The human brain - a mysterious universe

The brain is the most complex organ of the human body, consisting of billions of cells of different types having various functions. They work together in a spatially and temporally coordinated manner to provide and regulate higher cognitive and motor functions such as the control of organs, body temperature, the sleep-wake cycle, movements, emotions, and behavior. Human brain development begins in the third week of pregnancy and relies on several tightly regulated cellular and molecular sequential processes. Many questions regarding these processes are still open. For example, it is not yet known how the great diversity of cell types in the human brain develops at the right time, in the right place, and in the right quantities. How do the brains of individual people differ? What goes wrong when brain cells do not develop normally? And how do neurological diseases affect the organization and functions of the brain?

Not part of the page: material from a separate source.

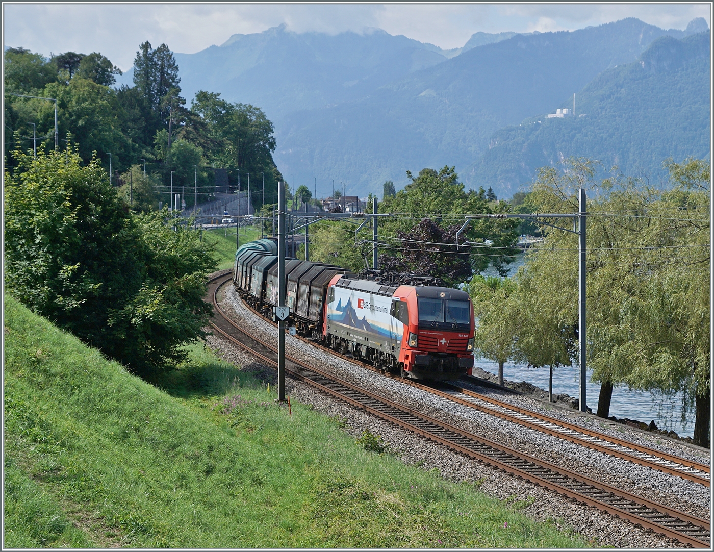 Ebenfals bei Villeneuve, aber aus der Gegenrichtung zeigt sich die SBB Cargo International 193 470 mit dem Novelis Güterzug von Sierre nach Göttingen, womit wohl diese Liestung wieder von der DB auf die SBB übergegangen ist.

Animals are not a good "model" for the human brain

An important reason for the lack of success in answering these questions so far is based on the fact that very often different animal species are used as "models" for the study of human brain processes and diseases. It is well known that there are crucial differences between humans and animals in the structure, development, organization, and functions of the brain. Furthermore, severe neurological and neurodegenerative diseases such as Alzheimer's disease, Parkinson's disease, and autism occur naturally only in humans. Numerous drugs and therapies that have proven safe and effective in countless animal studies have failed in clinical trials with human patients because they did not achieve the desired outcomes and sometimes even caused severe side effects. More than 400 Alzheimer's drugs, for example, have been successfully tested in animals; none of which have worked in humans (1). Some, such as the drug verubecestat, which was highly praised in animal preclinical studies on mice, rats, rabbits, and monkeys, have even accelerated and worsened disease symptoms such as dementia in humans (2). Effective therapies for Alzheimer's disease, autism, bipolar disorder, and many other neurological and cognitive disorders do not currently exist or the few that are used cannot completely cure the diseases. To better understand the causes of these diseases and develop appropriate drugs and therapies for them, a modern, human-based research approach has been established - the so-called mini brains.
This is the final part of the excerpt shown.